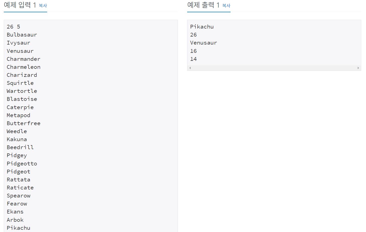 1번부터 N번까지의 포켓몬의 이름을 입력받고, M개의 문제를 풀이해 출력하면 되는 문제이다.
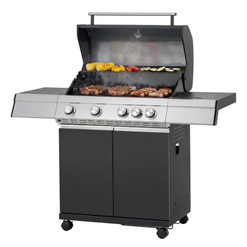 Tarrington House BBQ Gas-Grill PAXTON, 4-Brenner-Gasgrill mit Seitenbrenner, schwarz, Warmhaltegitter, 11kg Gasflasche für Outdoor, Balkon, Camping
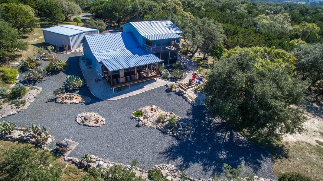 Located just minutes east of Utopia on the Thunder Creek Subdivision, this exceptional turnkey property offers first class amenities as well as beautiful live water and incredible Hill Country Views. The property offers paved county road access, excellent water well, two electric meters, fenced garden, a very comfortable 2 story home , an insulated 3 car garage and a 1400 square ft metal building with air conditioned workshop with loft, a 9000 gallon rain collection system and drive through RV storage area. The country style home is surrounded by large healthy Oaks and offers 2 bedroom 2 1/2 bath , spacious living room, large open dining and kitchen area with updated modern appliances, large island with siltstone counter top and wine cooler, media room complete with surround sound and high speed internet service, downstairs master bedroom...
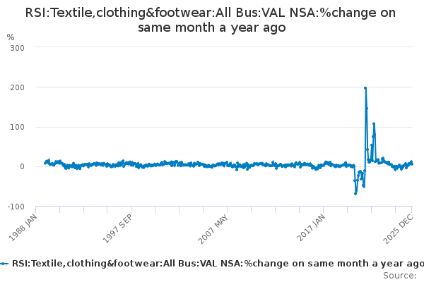 Download this time seriesRSI:Textile,clothing&footwear:All Bus:VAL NSA:%change on same month a year ago
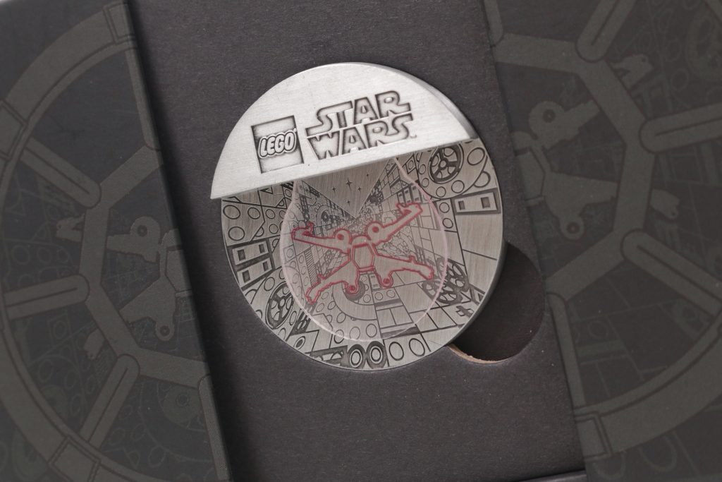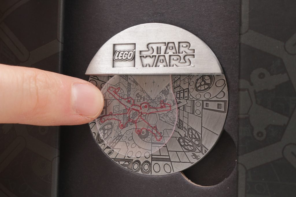 Det ligner en mønt, og det er sådan set en, bortset fra dette ekstra stykke metal på tværs af den øverste tredjedel, der har et bevægeligt klart stykke plastik på den. Det plastik har et rødt omrids af en X-Wing på sig, og det kan passe perfekt med X-Wing indgraveret i mønten nedenunder.

----

*EXERCISE PROMPT:*
"Tarrington House BBQ" marks the last line to keep. Retype every line from the start of the entries through that one, exactly, and drop the pictures.

*SOLUTION:*
 1번부터 N번까지의 포켓몬의 이름을 입력받고, M개의 문제를 풀이해 출력하면 되는 문제이다.
 Tarrington House BBQ Gas-Grill PAXTON, 4-Brenner-Gasgrill mit Seitenbrenner, schwarz, Warmhaltegitter, 11kg Gasflasche für Outdoor, Balkon, Camping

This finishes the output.